I feel a bit remiss to have checked out so abruptly, and not to have managed even a holiday greetings or New Year’s post. Truth is, I just managed to get all the pre-holiday loose ends tied up before rushing out the door for a long flight (Paris-L.A., non-stop). And despite my best intentions, once I made it to the City of Angles, I found it harder to cross back over that work-vacation divide than I’d expected. So along with my apologies, please accept my belated best wishes for peace, health and prosperity in 2010.
I also feel like I should offer up some thoughts on the past decade, which maps out, to an unprecedented degree, with some turning point moments in my own life. I left the States — from L.A., no less — on Jan. 15, 2001, with the 2000 election drama still fresh in everyone’s minds and just five days before George W. Bush took office. It was a happy coincidence that allowed me to consider myself a voluntary exile. My son was born later that year, and then, of course, came the events of 9/11, and the march to one war, and soon thereafter, another.
To be an expatriot is perhaps the closest one can come to watching oneself from outside one’s own body. At least that’s how it felt for that early part of the decade, watching from afar as America suffered and then struggled to find its way through its pain and rage. I couldn’t help but feel that what drove that rage was not just the shock of vulnerability and the pain of loss, but the shame that came of having been seen to be afraid.
I felt quite safe and sheltered where I was, in a small village in the South of France. Lucky, yes, and glad not to feel anxious for my son’s wellbeing. Though I shed tears while watching the images of that day, I didn’t share the trauma. And so, understandably, I didn’t share the rage. To be attacked, even savagely so, in a world where so few are ever really spared that indignity seemed more to join us to that world beyond than set us apart — just as moments of personal tragedy are often reminders, through the solace offered by those around us, that loss is what we have most in common and what brings us closest together.

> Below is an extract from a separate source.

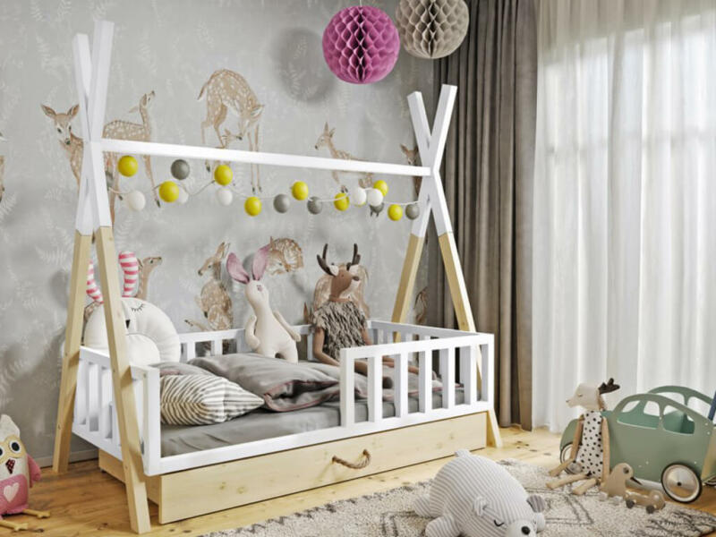 A Tipi házikó gyerekágy 80 x 180 cm minden gyerekszobába illik. Gyermeke imádni fogja az ágyat. Az ágy indián sátorra is emlékeztet, szép dekorációkkal díszíthető, így kellemes légkör alakítható ki a szobában. Az ágy része a leesésgátló, mely kétoldalas, jobbos vagy balos leesésgátlóként is használható. A házikó ágy borovi fenyőfából készül, három lakkré

There inevitably comes a moment as an expat when you are no longer watching yourself, but rather a stranger — albeit one that you, too, might have become had you not changed places. That’s how I felt in 2004, as the rage began to seem like it might never subside, and later, after the levees broke, when even the gods and the elements seemed to have turned history suddenly against us.
And yet the tide turned, as it often has for this country, and beginning in 2006, with the Congressional mid-terms, and yes, bolstered in 2007 by the gritty decision to not admit defeat just yet in Iraq, I felt like I was again watching a familiar friend, if still no longer myself, staggering his way back home after a nasty bender. America, it seems, can at times be a mean drunk.
And also, at times, as during the 2008 presidential campaign, it can be a joyful one, the life of the party, even. But somehow, even in that heady moment when history seemed to pull us all back into our old skin, the hangover seemed like it was already there, lurking just out of frame, but written into the script as a plot twist.
What a decade. So much history, how can anyone reflect on it all and reduce it to the columns of an accounting ledger? And having done so, conclude that it came out a wash? Long ago, at a time in my life when I viewed the world through a more mystical lens, I once wrote that nothing is ever lost or gained, only ever-transformed. And if ever there was a decade that suffers a mystical perspective, certainly it’s the one we just lived through.
And so we emerge from it, no less, no more — but man, have we been transformed. Into the X’s. Should be a blast.